Sixties City presents a wide-ranging series of articles on all aspects of the Sixties, penned by the creator of the iconic 60s music paper  Mersey Beat

Francis Gary Powers U2


In 1956 Gary Powers, a former lieutenant in the American Air force was hired by the Lockheed Aircraft Corporation as a test pilot. He was then stationed in Incirlik, Turkey, where it was claimed he was involved in weather research projects, flying between Pakistan and Norway.

On 1st May 1960 his high-altitude reconnaissance plane, a Lockheed U2 aircraft, was shot down by long-range Soviet missiles near an army base in Sverdlovak. Powers managed to bail out and was captured and arrested.
This led to a Cold War political power game known as ‘The U2 Incident’.
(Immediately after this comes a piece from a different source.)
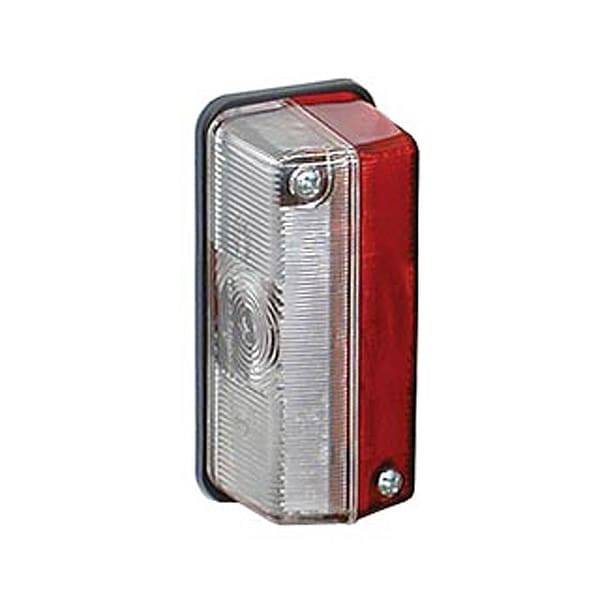 - Lichtscheibe vorne glasklar, hinten rot.

In 1958 Russian Premier Nikita Krushchev had stated that the Potsdam Treaty which declared four-power control over Berlin was no longer effective and should be scrapped. A summit conference to discuss the future of Berlin, and also arms control, had been set up to take place in Paris in May 1960. Kruschev revealed that the Russians had known about the surveillance missions for some time and had at last managed to down one of the planes. He denounced the American aggression and called off the summit conference.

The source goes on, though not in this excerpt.